This is an article ‘Insights Every Tennis Coach Should Ponder’ by Marc Pulisci
One of tennis coaches' most challenging tasks is reconciling conflicting advice. Most players under their wing will want to follow every coach's lesson. Still, for those who have worked with multiple coaches, there's a big chance that different recommendations can be a struggle. The best thing a tennis coach can do for a player is to give them something fresh and focus on another aspect of their game. However, players can sometimes receive contradicting observations from coaches regarding the same issue about their performance. And usually, the confusion in the player's head will persist and bother them.
Put your player’s mental game in the proper perspective
Imagine programming a computer to believe that one command will delete a file. Later, another programmer adds another line of code, indicating that the same command will also copy the file to a different drive. That's what most players who have been under multiple coaches can feel about opposing instructions.
Players in training need to nurture confidence in who is presently coaching them and must start from scratch despite mastering old strategies and footwork. Overcoming players' anxiety about how they play the game should always be a coach's top priority. If players enter a match worried and confused, their performance may fail unless they trust their coach's strategy completely.
Based on a professional study, there are numerous factors on how a coach can earn the confidence of their players and train them to be confident warriors on the court. Any coach who has played the sport or mastered coaching methods through experience has the authority to teach a novice player.
An individual's personal development as a tennis coach does not have anything to do with what college or master's degree they have acquired academically. Instead, what mattered to most representatives was the informal learning opportunities of being a tennis player or an experienced tennis coach. This finding tells us that experience builds character and credibility more than anything else.
Having played the sport competitively allows coaches to have a better grasp on how to mold their players' shot techniques and on-court behavior. They can optimize how their students play and efficiently handle the mental stress on the court aside from skills development. The study shows that former professional players turned coaches build better relationships with their young students.

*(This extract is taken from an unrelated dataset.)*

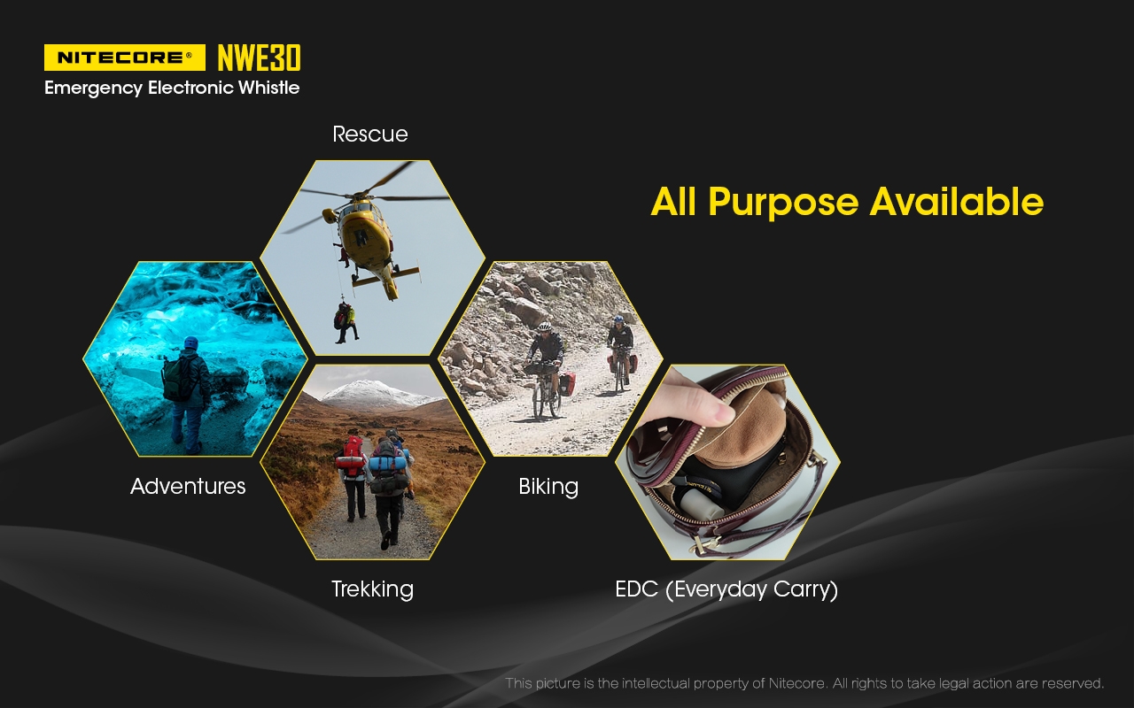 Ηλεκτρονική σφυρίχτρα NWE30 Nitecore με εύχρηστο τρόπο ενεργοποίησης με περιστροφή. Το διακοπτόμενο ηχητικό σήμα των 12dB είναι ειδικά σχεδιασμένο για καταστάσεις έκτακτης ανάγκης. Σε αντίθεση με την κοινή μέθοδο σφυρίγματος με φύσημα, στοχεύει να εξοικονομήσει την απαραίτητη ενέργεια στον χρήστη όταν έχει προκύψει σοβαρός τραυματισμός, υποθερμία ή ασθένεια. Μόλις ενεργοποιηθεί θα παράγει ήχο μία φορά κάθε 10 δευτερόλεπτα. Ενσωματώνει τέσσερα (4) LED Luminus SST-20-W με ένα κυλινδρικό πολυκαρβονικό διαθλαστή, ο NWE30 εκπέμπει περιμετρικό (360°) φωτισμό εντοπισμού με ισχύ 2000 Lumens που ενεργοποιείται αυτόματα μόλις νυχτώσει ή σε περιβάλλον με χαμηλό φωτισμό. Μόλις ξημερώσει ο φωτισμός απενεργοποιείται αυτόματα για εξοικονόμηση ενέργειας και αύξηση της διάρκειας λειτουργίας. Μία μπαταρία CR123 που περιλαμβάνεται στην συσκευασία διαρκεί για 72 ώρες συνεχόμενης χρήσης. Το σύστημα διάθλασης του ήχου προς όλες τις κατευθύνσεις εξασφαλίζει την ομοιόμορφη κατανομή του. Απαραίτητη προσθήκη για τον εξοπλισμό των εξωτερικών σας δραστηριοτήτων. Μπορεί να λειτουργήσει σε κάθε είδους περιβάλλον, βαθμολογημένη με IP68. Υποβρύχια έως και 2 μέτρα βάθος, ανθεκτική σε πτώσεις έως και από 1 μέτρο ύψος. Η βάση είναι κατασκευασμένη από κράμα αλουμινίου αεροναυπηγικής ποιότητας με φινίρισμα σκληρής ανοδίωσης στρατιωτικών προδιαγραφών, εξαιρετική σκληρότητα και αντοχή.

However, this does not disqualify the capabilities of coaches who have not played professionally but know tennis by heart.
The study shows that coaches who learned from trial and error developed keener insights on learning opportunities that they can share with their students. By gaining ample experience through coach-to-coach discussions and a review of the social norms within the tennis community, they can nurture knowledge, beliefs, and practice designs according to which specific tournaments their players will be competing in or the opponents that they will be facing during matches. Every coach who has made the sport his 'way of life' has better potential to influence his players and develop localized practice designs.
Developing 'repeatable' players
Most coaches aspire to train their students to be 'repeatable' players, which means developing them into players who can execute the same plays and shots over and over without flaw. As a coach, failing to establish 'repeatable' players should mean you are not cut out to be part of any elite tournament.
Being 'repeatable' means training players to develop technical wisdom on the court and rally tolerance when stress arises. After all, the same stress levels and on-court threats tend to repeat game after game. To develop your players, drills within the training that focus on blocked and repeated tasks plus hitting many high-volume shots in a series are necessary.
Doing repetitive and high-volume training achieves multiple goals for the coach, including practice designs, physical and psychological development, evaluation, and technical and tactical progress.
Therefore, a good coach should seek to reinforce players' stored technical models of skill through high repetition rates by introducing and repeating drills during training. Focusing on the quantity of practice when taking player development into account will give you a better understanding of a player's skills as internal, cognitive, and separated from perceptual information while developing them to be physically fit and strong.
Training your players to perform under pressure
Most tennis coaches believe players should be taught how to handle pressure to optimize their performance in each match. Coaches emphasize how competitive a match is by contextualizing it as a combat mission, just as how boxers are trained to fight or how gladiators go inside the arena– every blow (point) matters.
This coaching strategy entails developing the right mindset that can quickly shift stress and pressure when it matters during the match, and always regain momentum in every set. Coaches train their players by simulating pressure and uncomfortable situations in practice sessions and measure the outcome in terms of the player's focus. Such simulated events can come in the form of consequences for every lost point or manipulating task constraints to draw out the player's mental capacity during such situations.
A repetitive practice design will work best for such a training model, which shapes how the player can handle pressure through the knowledge of consequence. During match-specific practice sessions, set goals for your players, such as setting the next point that decides the match or pushing them to win by at least two points at the end of a set.
Such match-specific sessions will increase your player's intuition, develop their match principles to devise tactics, and learn proper behavior on the court. It enhances their overall performance, including shot technique improvement, eye-to-ball coordination, and point executions.
However, this is not to say that all tennis coaches should always play by the book. Depending on your player's level of competitiveness and mental capacity, combined with your expertise and ability to create tailor-fit practice designs, you can make the proper adjustments during practice sessions to encourage the player in both intuitive and skill applications. Once your players know how to handle pressure in all its forms on the court, the more confident they will perform in matches.